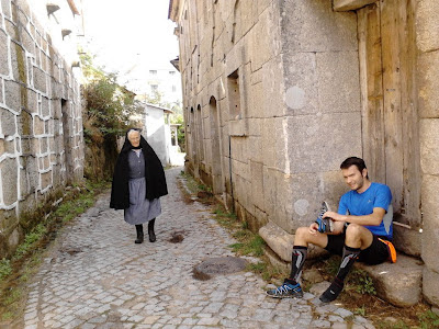 por uma calçada romana bastante técnica e escorregadia (estava tudo molhado)
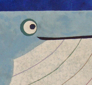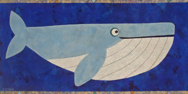 Prints on canvas & paper available. stylized whimsical whale painting on blue background with border |
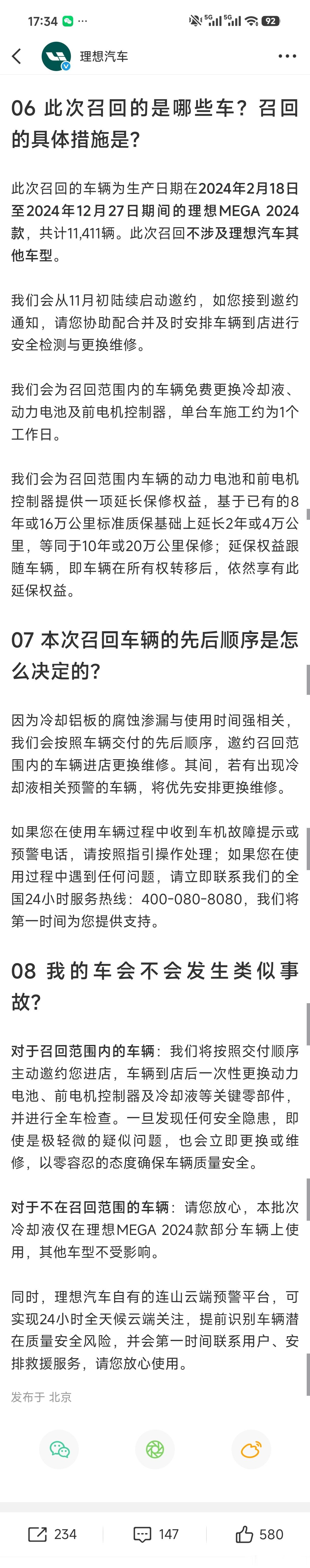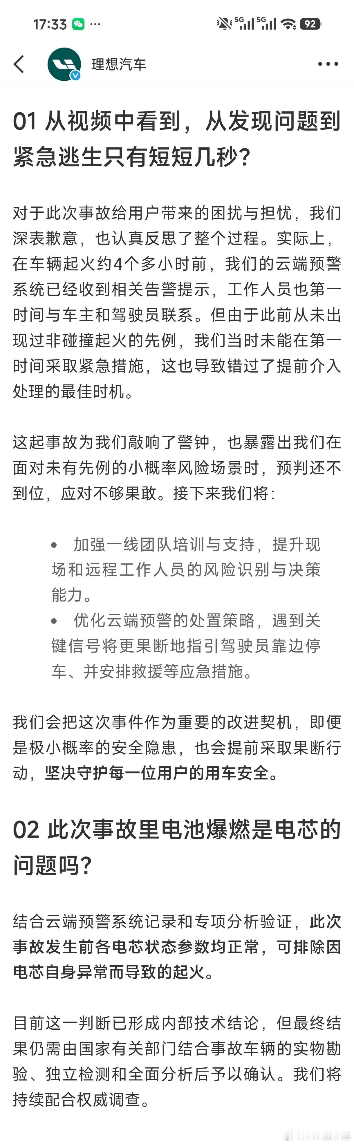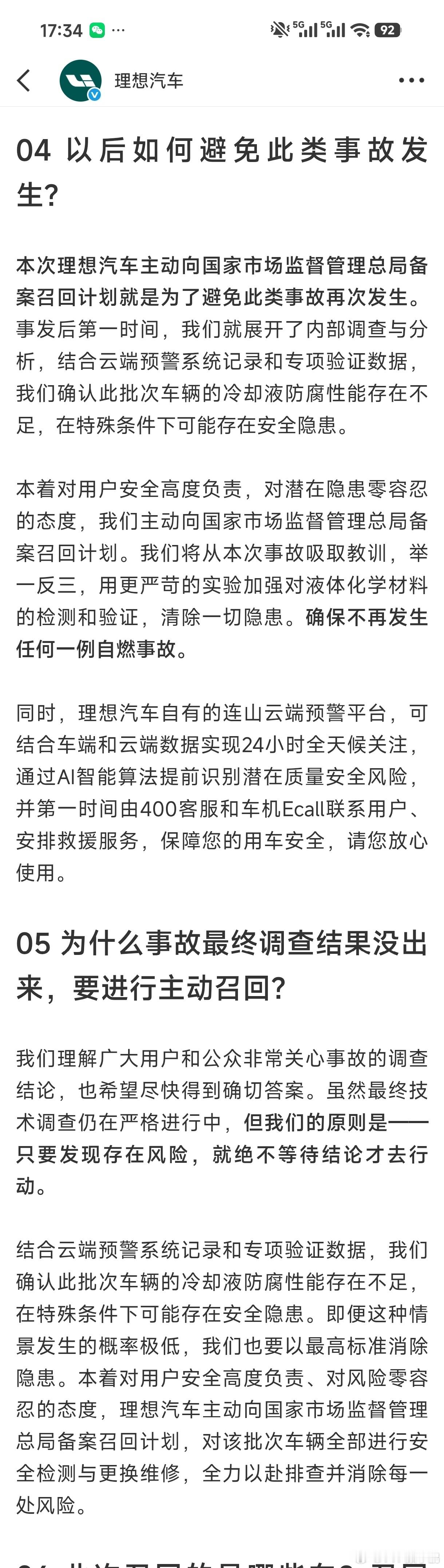 理想官方对于此前MEGA自燃事件的回应。几个关键点:属于此前未有先例的非碰撞起火,承认应对经验不足,今后会强化对液体化学材料的实验检测;该事故调查结果尚未出,但本着安全第一实行主动召回;召回顺序按交付顺序,除召回批次内的其它理想纯电车型不受影响。
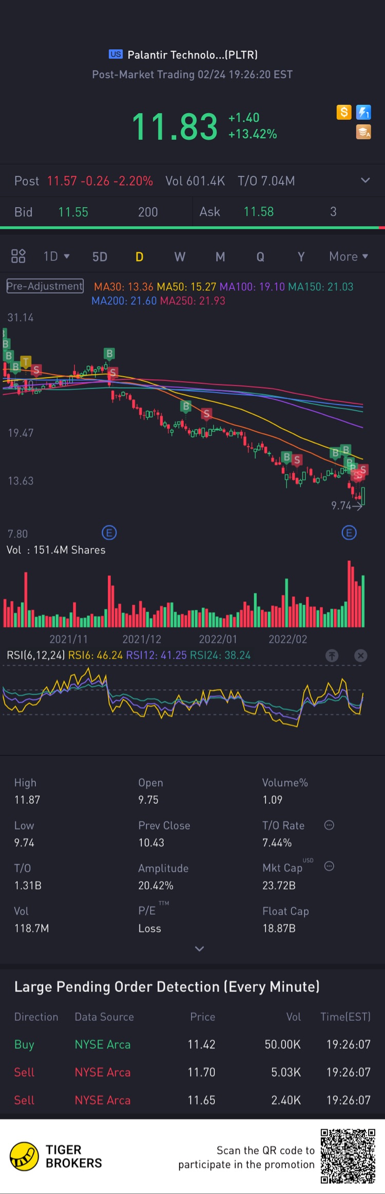 $Palantir Technologies Inc.(PLTR)$I see so manypeople complaining about PLTR. If you can't stomach this then go invest into $SPDR S&P 500 ETF Trust(SPY)$ or some mature company like $Apple(AAPL)$
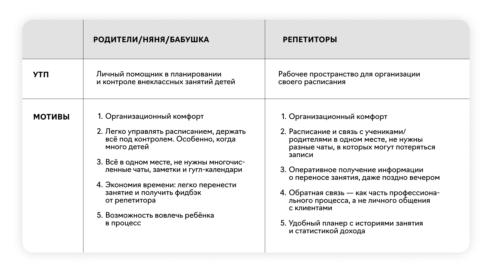 Изначально приложение разрабатывалось для родителей, чтобы помочь им с организацией своего дня, упростить коммуникацию с репетитором и иметь возможность отслеживать успехи ребёнка, поэтому клиент выделял эту аудиторию как приоритетную.
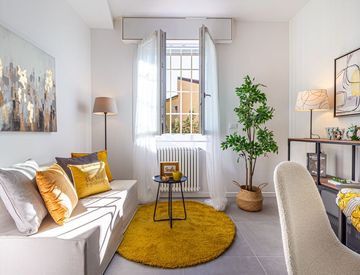 L’ingresso si apre su una luminosa zona giorno con angolo cottura, pensata per offrire uno spazio accogliente e funzionale. La zona notte ospita una camera da letto matrimoniale ben proporzionata, mentre il bagno, moderno e curato nei dettagli, completa la distribuzione interna. A servizio dell’abitazione è presente una comoda cantina.
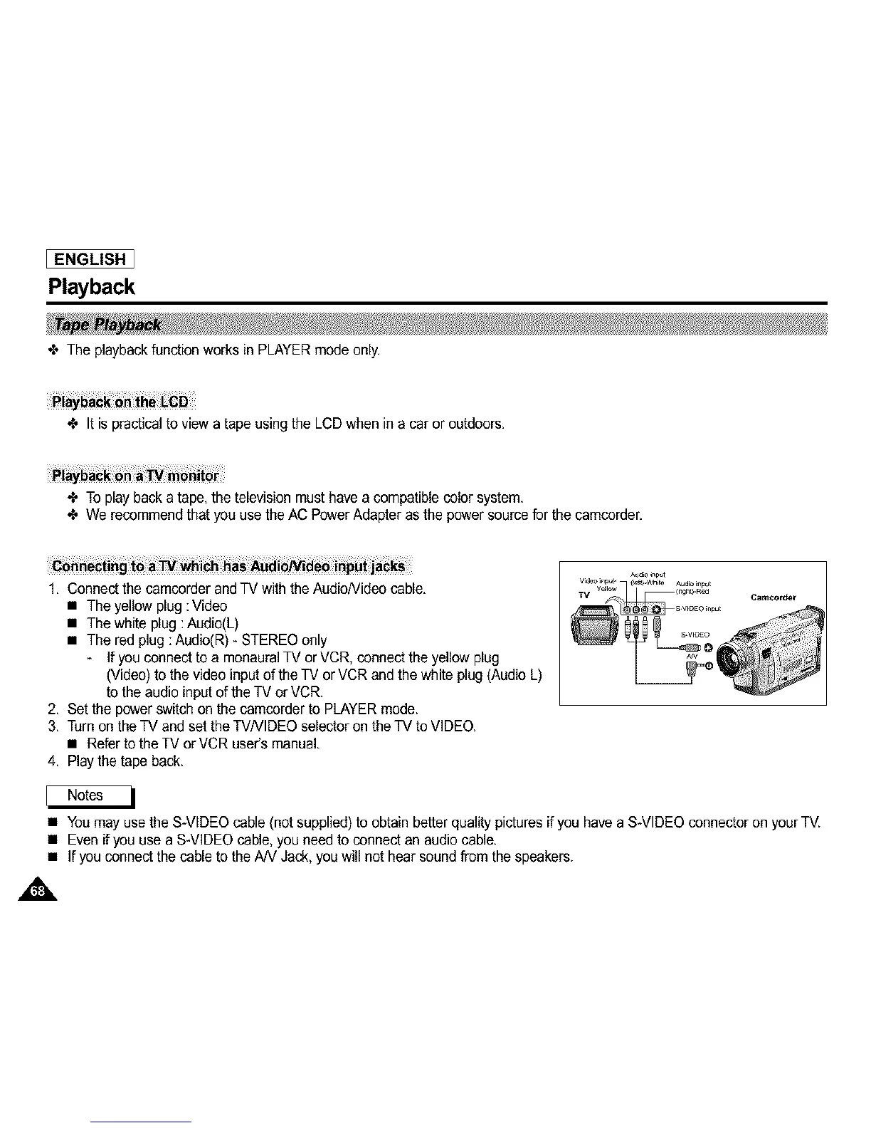 • Even if you use a S-VIDEO cable, you needto connect an audio cable.
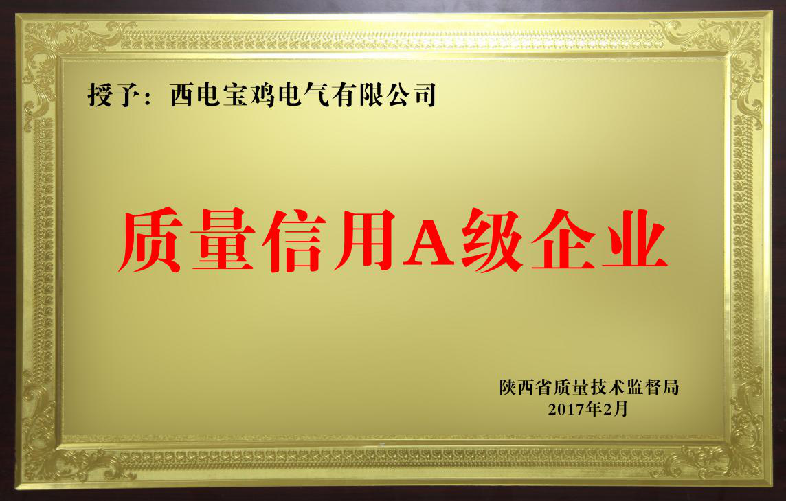 1、2月,我公司獲得陜西省質(zhì)檢局“質(zhì)量信用A級企業(yè)”稱號。

_ _ _ _ _ _ _

The copy should hold only the lines from the one with "Prints on canvas" through the one with "理想官方对于此前MEGA自燃", exactly as they stand above. Leave out the pictures.

» **Result for this task**:
 Prints on canvas & paper available. stylized whimsical whale painting on blue background with border |
 理想官方对于此前MEGA自燃事件的回应。几个关键点:属于此前未有先例的非碰撞起火,承认应对经验不足,今后会强化对液体化学材料的实验检测;该事故调查结果尚未出,但本着安全第一实行主动召回;召回顺序按交付顺序,除召回批次内的其它理想纯电车型不受影响。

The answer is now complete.